# Building the Endurance to Run Fast after Swimming?



## Deleted member 15200 (Jul 30, 2020)

I find that my run times are considerably slower after swimming, than coming from rest. The inverse is not true, however. When I run first, my swim times are barely affected. Any tips on what I can do to better build my post-swim running endurance/speed?


----------



## Kaldak (Jul 30, 2020)

Best thing is to do bricks occasionally.

Do a swim and as quick as you can, go for a run. Short-ish but very fast.

You'll slowly acclimate your muscles and body to the differences between the sports. This will mean, when you swim Monday and run Tuesday, it will be as if you didn't swim Monday.


----------



## Salt USMC (Jul 30, 2020)

IIRC @ThunderHorse did a few triathlons and may have some insight


----------



## Polar Bear (Jul 30, 2020)

PineTree said:


> I find that my run times are considerably slower after swimming, than coming from rest. The inverse is not true, however. When I run first, my swim times are barely affected. Any tips on what I can do to better build my post-swim running endurance/speed?


Not being an ass, learn to run! Most people don’t know how to run. You can just change your stride and change your times tremendously.


----------



## ThunderHorse (Jul 30, 2020)

Salt USMC said:


> IIRC @ThunderHorse did a few triathlons and may have some insight



Appreciate the shout, but @Kaldak has far more experience than me in that department, he was actually good!



PineTree said:


> I find that my run times are considerably slower after swimming, than coming from rest. The inverse is not true, however. When I run first, my swim times are barely affected. Any tips on what I can do to better build my post-swim running endurance/speed?



Kaldak is pretty spot on.  The only way to get used to that is to do a brick workout consistently.  In Triathlon training this mainly focuses on the bike to run piece.  But really has nothing do with those two disciplines, you could do "bricks" with anything.  

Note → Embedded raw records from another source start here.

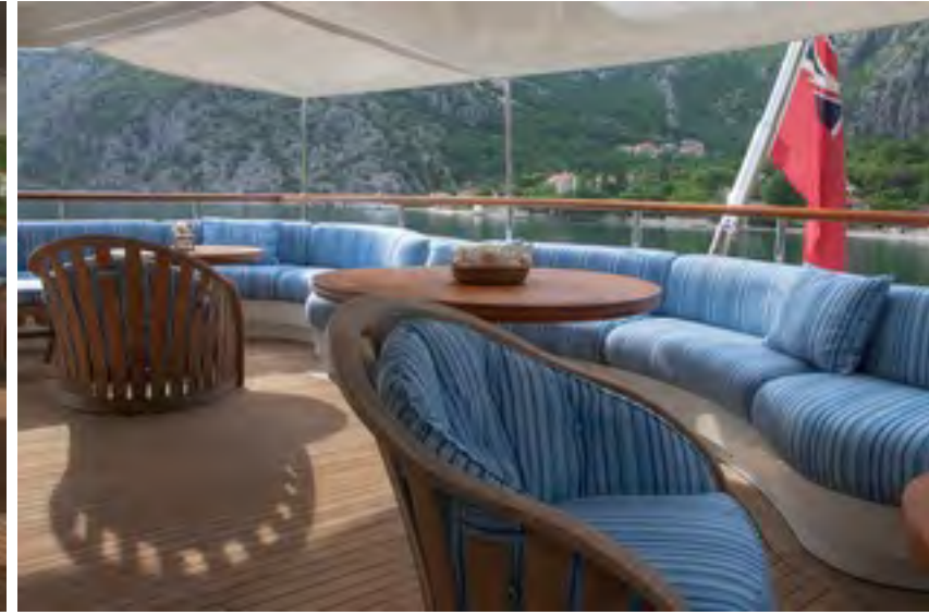
Bridge Aft deck
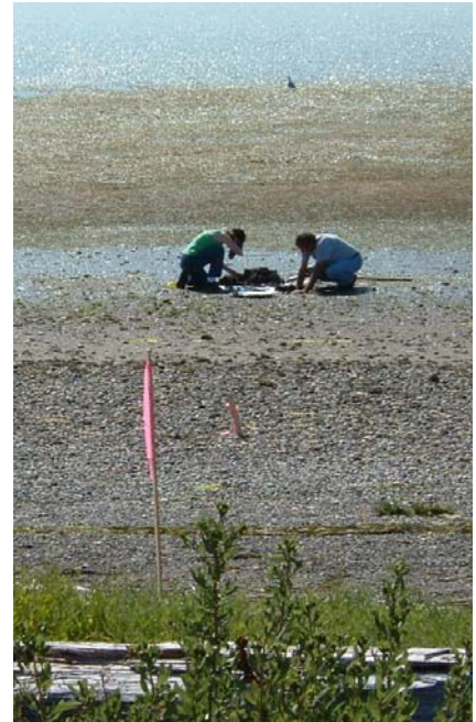
Semiahmoo Spit 2004 Clam Survey- Number of Clams by Transect and Type

The table and charts below provide a description of the types and numbers of clams that were found at each transect and overall.
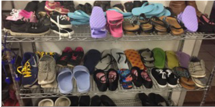
Shoes donated for those who may need them when they arrive.
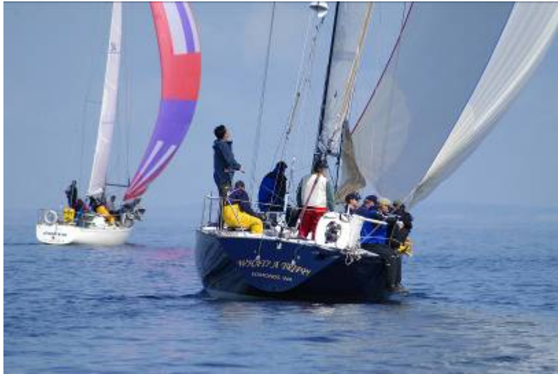
What a Tripp! Drifting towards Smith Island
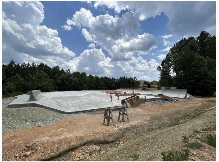
Skate Spot Construction
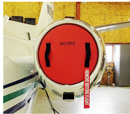
Cessna Citation S-550 Intake Plugs
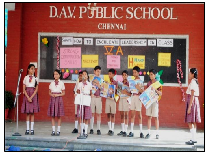
Presenting 5 ways to inculcate leadership with full confidence
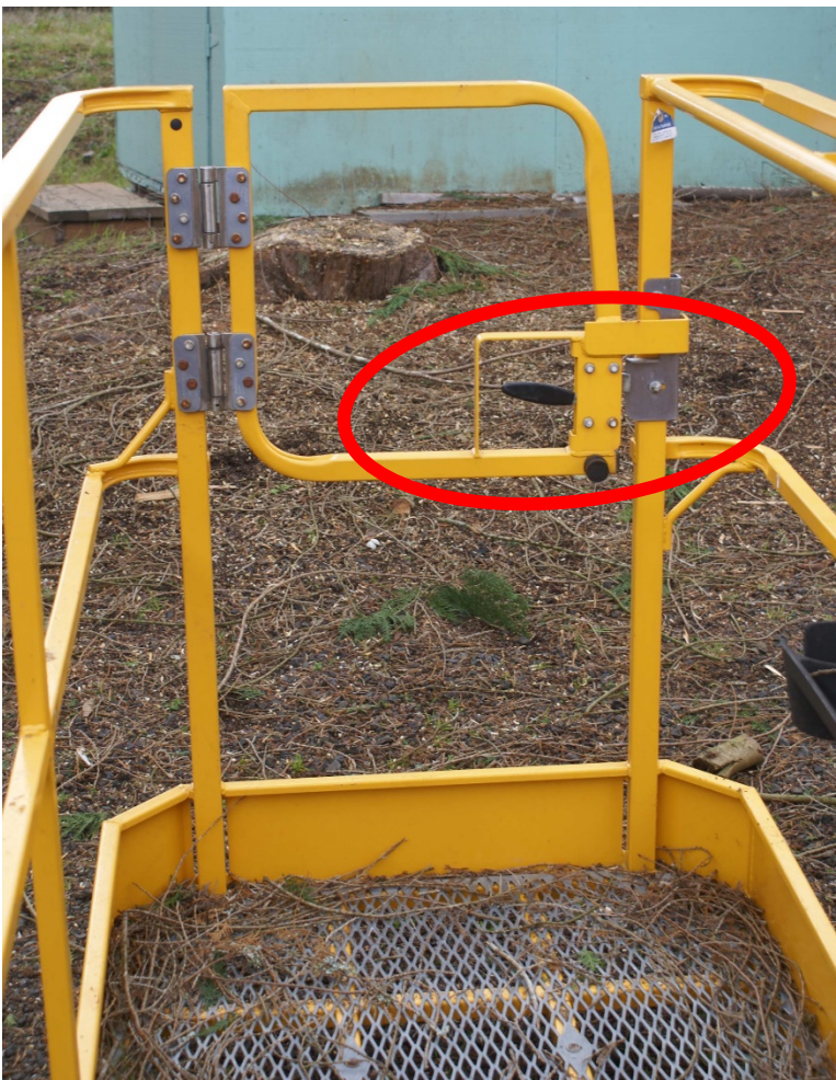
Photo 8: View of side access gate of boom lift basket. The gate had a mechanical latch (circled) and swung into the basket when opened. Note that the toe board is in place.

The coworker was cutting branches with his chainsaw while the operator was pulling the branches into the basket. They were doing this for approximately an hour. The operator opened the side access gate of the basket (see photo 8) in an attempt to get some branches into the basket. The coworker said he was reaching down to pick up his chainsaw when he saw the operator fall from the basket onto the roof of the shed 12 feet below (see photo 9). It is unknown if the operator was leaning outside of the basket and lost his balance while trying to maneuver limbs into the basket or tripped over branches in the basket or the toe board.
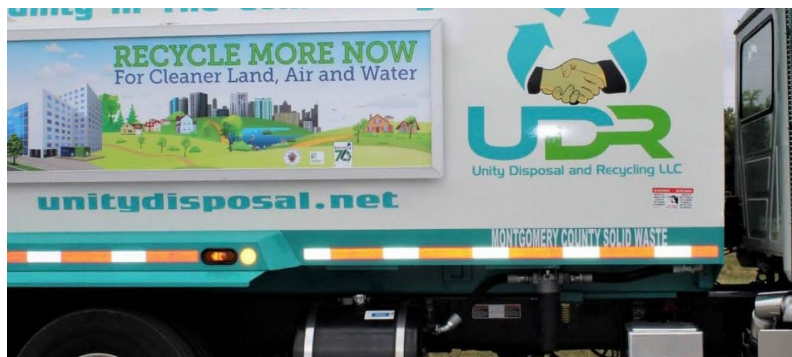
Unity Disposal & Recycling
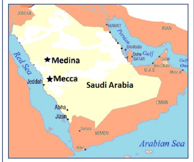
Figure 1 : Map of Saudi Arabia

Islam was born in Saudi Arabia. The holy cities of Mecca and Medina are located to the south west of Saudi Arabia (Figure 1), geographically located between the Arabian Gulf to the east and the Red Sea to the west. Its physical location is not viewed as a major tourism pull factor, however, many researchers argue that religion acts as a robust tourists pull factor
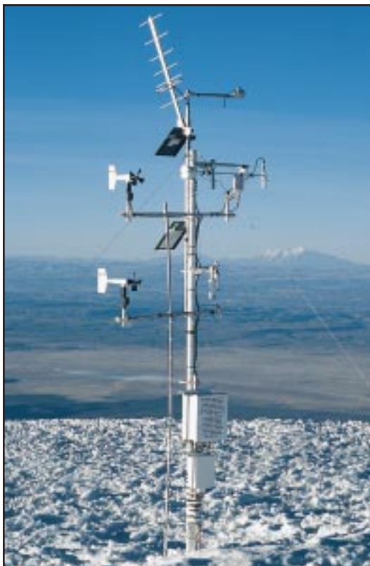
The Nevado Sajama weather station measures a variety of meteorological and snow parameters, many redundantly.

My only question would be is what's specific training purpose and that would shape the rest of my advice.


----------



## Devildoc (Jul 30, 2020)

One of the best ways to get better is to just do it.  I am a much better swimmer than I am runner, so when I was training in the military, sometimes I would run then swim, sometimes I would swim then run, which always sucked and my times would be horrible. I would also do squats, heavy squats, a lot of weight, on weight days and really build up my thighs. That really helped. I would also run with a weight vest on a treadmill at a high incline. That really helped as well.


----------



## Arf (Jul 30, 2020)

I agree with @Kaldak

I ran track my whole life, but began playing waterpolo because I wanted to be in Navy SOF one day. I was the slowest swimmer on my team. I eventually got to the point where my endurance could handle the hours of swimming a day that the other guys who had swam their whole lives tolerated better than me.

One day my water polo team did a land based workout that included a lot of running and I noticed something interesting. These guys with 8-pack stomachs who could swim insanely fast for insane amounts of time were useless on land. They were indisputably in amazing shape, but it was comical to watch them run a single lap around the track. I gleefully lapped them over and over because I was finally better at everyone at something.

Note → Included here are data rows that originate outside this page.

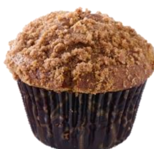
(Seasonal) Pumpkin with Cinnamon Streusel

2 wrapped trays per case for a total of 24 muffins
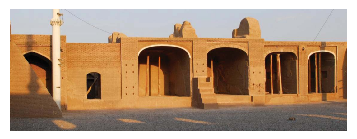
Figure 9. Restoration and conservation- After revival
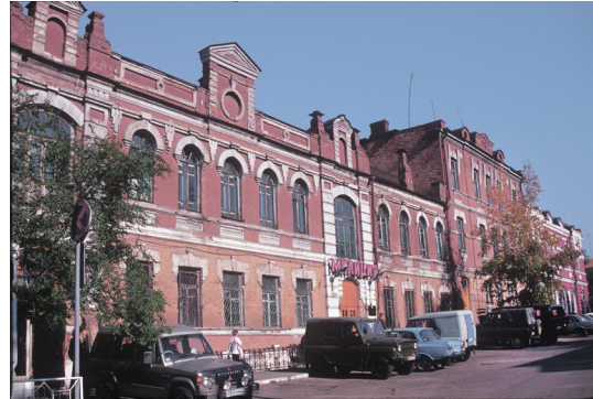
Fig. 18. Chita. A.E. Dukhoi Building, Nerchinsk Street 19.

architecture was generally called in Moscow and Saint Petersburg, are the Zazovskii Building (1909-11: Fig. 20) and a three-story building commissioned by Dmitrii V. Polutov, yet another
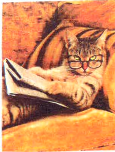
Stay inside and read the paper!
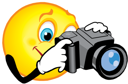
PHOTO – VIDEO RELEASE: I hereby give permission for my son(s)/daughter(s) to be photographed or videotaped at St. Joseph parish. I realize that photos may be published in the parish bulletin, newsletters, website, Facebook or bulletin boards. Generally, we don't publish last names with photos. The photos/video may be used for informational or educational purposes regarding the programs or curriculum at St. Joseph Church.

SIGNATURE OF PARENT/GUARDIAN _____ DATE _____
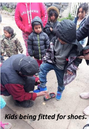
Kids being fitted for shoes.
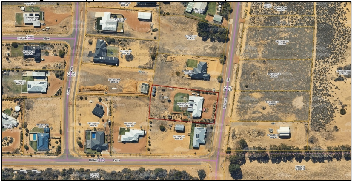
Figure 10.1.1(a) – Location Plan for 27 (Lot 115) Richards Road, Buller
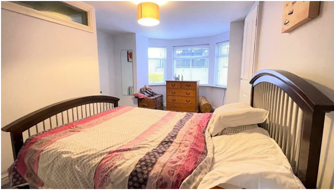
BEDROOM 2 8'5" x 6'9" (2.59m x 2.06m)
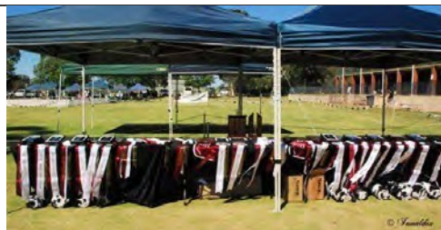
Sash and Trophy tables
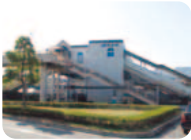
JR Ajina Station (nearest station from JRCHCN)

Contact: Secretariat for the International Hiroshima Conference on Caring and Peace c/o Plando Japan Desk, Nippon Travel Agency Co., Ltd. Osaka Ekimae No. 4 Bldg. 5F 1-11-4, Umeda, Kita-ku, Osaka, 530-0001 Japan TEL: +81-6-6342-0212 FAX: 81-6-6342-0214 Email: ihccp_hij@nta.co.jp
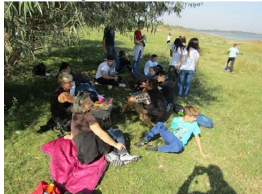
School in nature
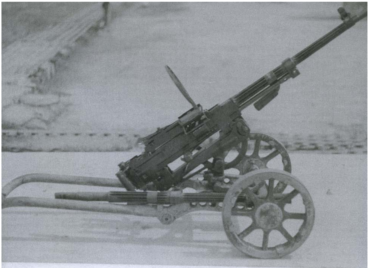
CAPTURED 12.7mm HEAVY MACHINE GUN
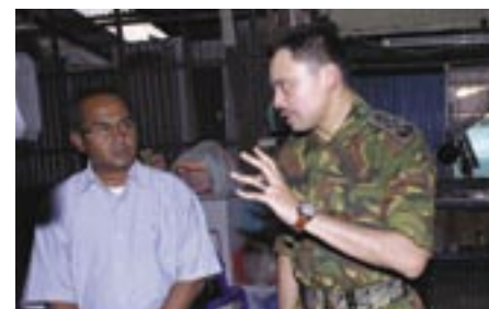
His Royal Highness at one of the house affected by the bad weather conditions in Kampong Ayer.

Kampong Ayer or the water village was hit with strong winds on May 11, 13, 14 and 16 where 53 houses across 12 mukims were affected. Thirteen of
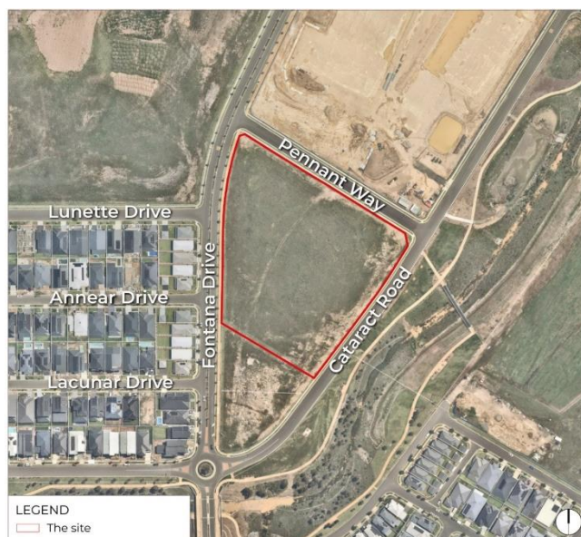
Figure 1 Site Aerial
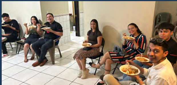
Our first youth night back
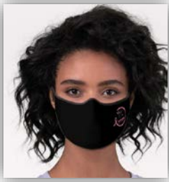
Premium Face Mask
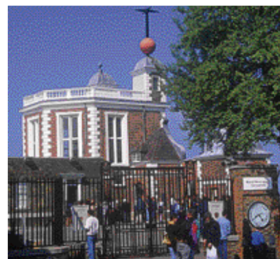
The Old Royal Observatory in Greenwich

Wisst ihr, wie sich das Vereinigte Königreich ( the UK ) zusammensetzt und wo seine Hauptstadt London liegt? In dieser Webrecherche werdet ihr auch mehr über den Londoner Stadtteil Greenwich erfahren, wo Emma, Lisa, Sam und Terry wohnen.
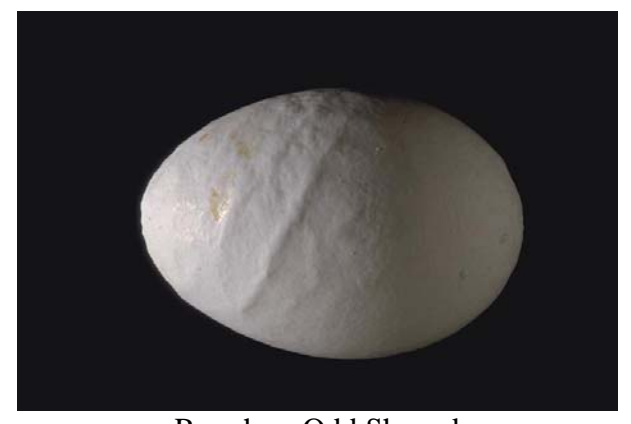
Rough or Odd Shaped
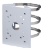
A36 Pole Mount

Your body adapts to what it is used doing. Just because I was a fast runner who could run for distance, didn’t also mean that when I first started swimming I didn’t embarrass myself like a drowning fat old woman. These guys who were amazing swimmers were exhausted running one slow little lap around the track.
Just keep doing it, my man. If your body is shocked going from swim to run, then keep practicing that transition. You will adapt.
If you are doing this for the Physical Screening Test(PST) then try and do the simulated Test as often as possible. Putting it all together often is a lot more difficult than doing it separately as you have seen.
I also would practice treading every day you can get to a pool, because treading takes a long time to get good at. I’ll post treading videos soon.


----------



## Deleted member 15200 (Jul 31, 2020)

@Kaldak Thanks for the tips, I'll look to try and incorporate bricks into my workouts. 

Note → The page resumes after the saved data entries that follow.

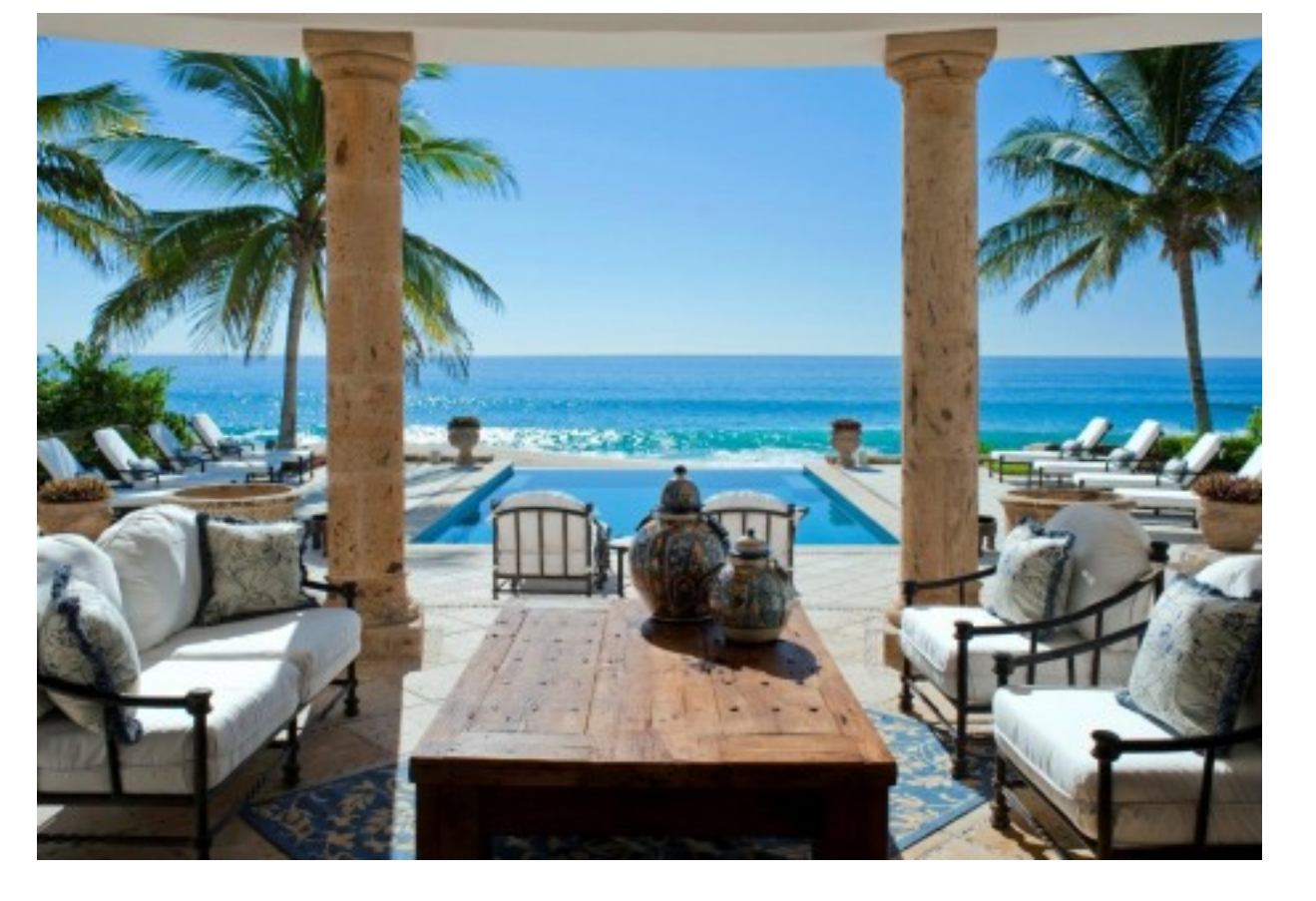
<u>Villas Del Mar from Del Mar Escapes</u> <u>Features (http://www.elitetraveler.com/travel/travel-news/villas-del-mar-from-del-mar-escapes)</u>
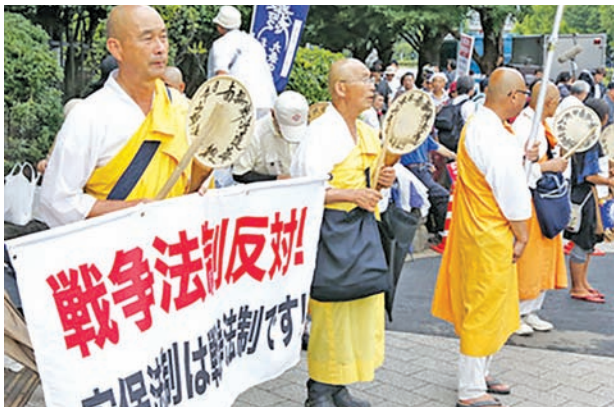
People stage a rally in front of the Diet building in Tokyo on 16 July, 2015, to show opposition to government-sponsored security bills that would expand the role of the Self-Defence Forces abroad. The House of Representatives is set to pass them the same day.
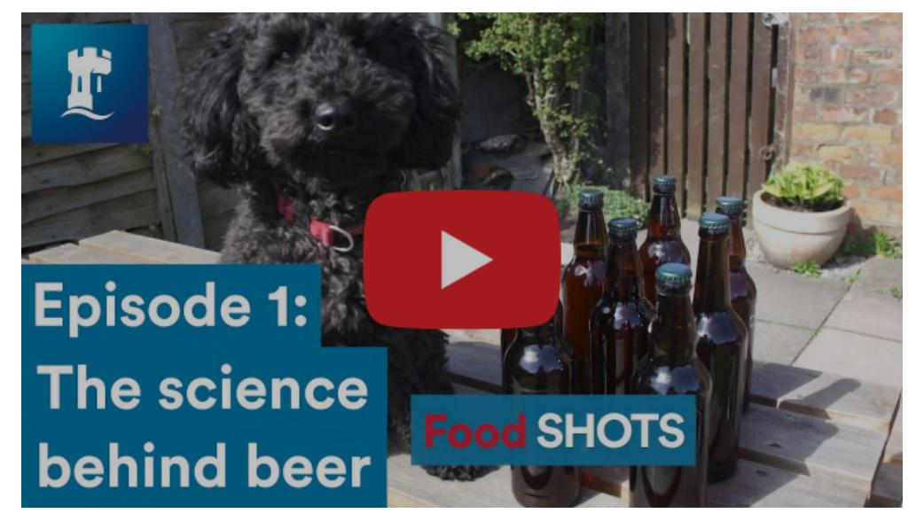
Our YouTube channel features not only our Food Shots series but also videos of our technology platforms!

@Polar Bear If I had to guess I would say I'm probably running completely wrong. I've never had any formal coaching/instruction. Have any specific resources on running form to share?

@ThunderHorse I'm focused right now on getting fit to take screening tests, so swims of 500-1500m and runs of 1.5-3 miles for time

@Devildoc Is running with a weight vest risky on your knees? Is there a specific technique you need to use or should I just run normally?

@Arf What would you say is a good goal to strive for for treading? An hour? With hands or without?


----------



## Devildoc (Jul 31, 2020)

PineTree said:


> @Kaldak Thanks for the tips, I'll look to try and incorporate bricks into my workouts.
> 
> @Polar Bear If I had to guess I would say I'm probably running completely wrong. I've never had any formal coaching/instruction. Have any specific resources on running form to share?
> 
> ...



Running with a ruck is wonky at best (throws off your center of gravity and redistributes the weight) and dangerous at worst.  If you go to any infantry unit let alone SOF you _will _run with a ruck.  I find running with a weight vest (specifically, a plate carrier) with 20#-35# helpful as it is 'tight' on my body and doesn't screw around with my body mechanics.


----------



## ThunderHorse (Jul 31, 2020)

I ran with a vest the summer of when I went to LDAC.  It helped a lot.  I believe in vest running, especially for anything under 5 miles.  It hardens your core.  It does things.  But if you're going to do vest workouts you need to get a good vest and transition slowly.  I had a vest that could take up to 40lbs worth of weight, I never got up to that but I did get up to 20lbs.  

If you're training for a half marathon I wouldn't go crazy with vest running though.

Vests give your muscles the additional strain of weight with your body actually not having the extra nastiness.  Great piece of kit really.


----------



## Archangel27 (Jul 31, 2020)

ThunderHorse said:


> I ran with a vest the summer of when I went to LDAC.  It helped a lot.  I believe in vest running, especially for anything under 5 miles.  It hardens your core.  It does things.  But if you're going to do vest workouts you need to get a good vest and transition slowly.  I had a vest that could take up to 40lbs worth of weight, I never got up to that but I did get up to 20lbs.
> 
> If you're training for a half marathon I wouldn't go crazy with vest running though.
> 
> Vests give your muscles the additional strain of weight with your body actually not having the extra nastiness.  Great piece of kit really.



So just to make sure I understand, vest running is good for training, but when it comes down to it you're still going to be running with a ruck?


----------



## ThunderHorse (Jul 31, 2020)

Templar27A said:


> So just to make sure I understand, vest running is good for training, but when it comes down to it you're still going to be running with a ruck?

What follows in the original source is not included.